What is required: Pictures are to be dropped, and only the lines from the one containing "ダウンジャケット レディース 軽量" through the end of the data below are to be reproduced as written.

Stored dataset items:
▽

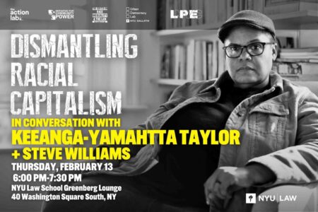 On February 13th, LPE NYC is thrilled to be teaming up with The Action Lab, The Initiative for Community Power, The Center on Race, Inequality, and the Law, and NYU Gallatin for the next event in our a Dismantling Racial Capitalism Series, a Conversation with Keeanga-Yamahtta Taylor & Steve Williams. Keeanga-Yamahtta Taylor writes and speaks…
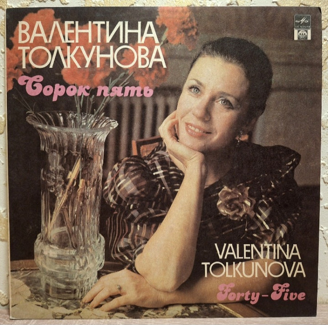 Вінілова платівка. Дев,ятий, ювілейний, студійний, каталожний альбом, російської (радянської) естрадноїї виконавиці, Валентини Толкунової (Сорок Пять) 1991. Випуск фірми (Russian Disc) Russia, 1992-ий рік. Оригінальне, першопресове видання. Лімітований тираж (Limited Edition). Рідкісне (Rare). Стан платівки ЕХ+. Стан конверту ЕХ+. Відправка по Україні службами доставки: Нова Пошта, Укр Пошта, Делівері. Також відправляємо посилки за кордон по цілому світу.
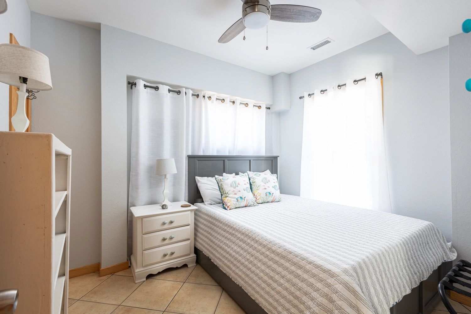Queen, Trundle, Shared bath with Room 2, Shower/tub combo
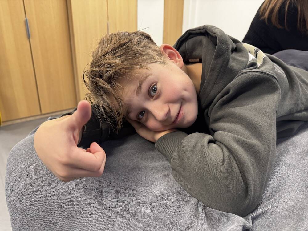 Maddox heeft een studiedag dus hij blijft lekker lang in zijn pyjama.
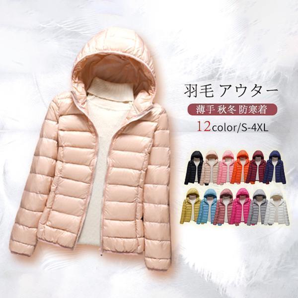 ダウンジャケット レディース 軽量 ライトダウン インナージャケット 羽毛 アウター 持ち運び 薄手 シンプル 秋冬 暖かい 防寒着
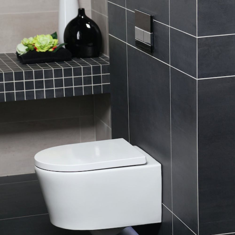 - Cuvette suspendue sans bride et fixations invisibles + abattant frein de chute (SATBRE010RREXP)
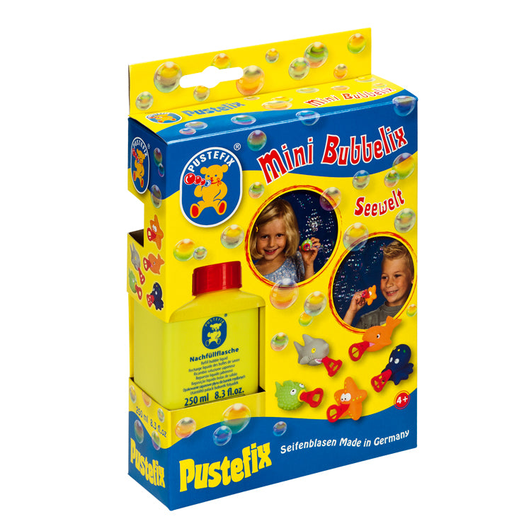 Un kit de 5 petits animaux marins qu'il faut nourrir de produit à bulles ! Une bouteille de 250ml est prévue, ainsi que le petit récipient. Une fois le bec dans le produit, il faut presser l'animal pour obtenir de jolies bulles !
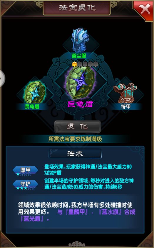 最后则是巨龟盾,需要灵龟盾、避尘服、符甲进行合成,合成之后也需要相应的碎片和法宝精华进行炼制,灵龟盾的副本获取在道玄期,避尘服的获取难度也不小,但这些都可以从开灵巅峰的青铜箱子中把碎片开出来,只是进度会稍微慢一点。

△

Answer to the exercise:
 ダウンジャケット レディース 軽量 ライトダウン インナージャケット 羽毛 アウター 持ち運び 薄手 シンプル 秋冬 暖かい 防寒着
 - Cuvette suspendue sans bride et fixations invisibles + abattant frein de chute (SATBRE010RREXP)
 Un kit de 5 petits animaux marins qu'il faut nourrir de produit à bulles ! Une bouteille de 250ml est prévue, ainsi que le petit récipient. Une fois le bec dans le produit, il faut presser l'animal pour obtenir de jolies bulles !
 最后则是巨龟盾,需要灵龟盾、避尘服、符甲进行合成,合成之后也需要相应的碎片和法宝精华进行炼制,灵龟盾的副本获取在道玄期,避尘服的获取难度也不小,但这些都可以从开灵巅峰的青铜箱子中把碎片开出来,只是进度会稍微慢一点。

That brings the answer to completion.